Intervention de Muguette Dini

Commission des affaires sociales — Réunion du 20 février 2013 : 1ère réunion
Expérimentation des maisons de naissance — Examen du rapport et du texte de la commission

Photo de Muguette DiniMuguette Dini, rapporteure :

En décembre 2010, l'Assemblée nationale et le Sénat adoptaient le projet de loi de financement de la sécurité sociale pour 2011 dont l'article 67 entendait ouvrir une expérimentation relative aux maisons de naissance. Vous vous en souvenez, nos débats sur cette question ont été animés, tant dans cette salle qu'en séance et en commission mixte paritaire.

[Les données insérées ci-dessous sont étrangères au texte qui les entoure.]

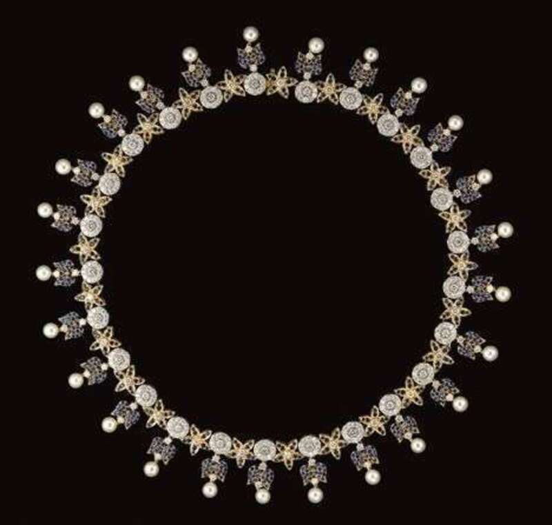 Impressive 18 karat yellow gold, sapphire, diamond and pearl necklace

Nous avions abouti à une rédaction de compromis, assez largement approuvée dans chacun de nos groupes, mais qui a malheureusement été censurée par le Conseil constitutionnel pour une raison de forme, celui-ci estimant en effet que cette expérimentation avait « un effet trop indirect sur les dépenses » de l'assurance maladie.

Convaincue de l'intérêt de ce projet, j'ai déposé en mai 2011 la proposition de loi que nous examinons aujourd'hui et qui reprend très largement la rédaction que nous avions adoptée dans la loi de financement.

Que prévoit ce texte ?

A titre expérimental, le Gouvernement pourra autoriser le fonctionnement de « maisons de naissance », qui sont des structures où des sages-femmes réalisent l'accouchement des femmes enceintes dont elles ont assuré le suivi de grossesse. Les maisons de naissance permettent donc un suivi global de la grossesse, de l'accouchement et des suites de couches par une même sage-femme ou un binôme de sages-femmes.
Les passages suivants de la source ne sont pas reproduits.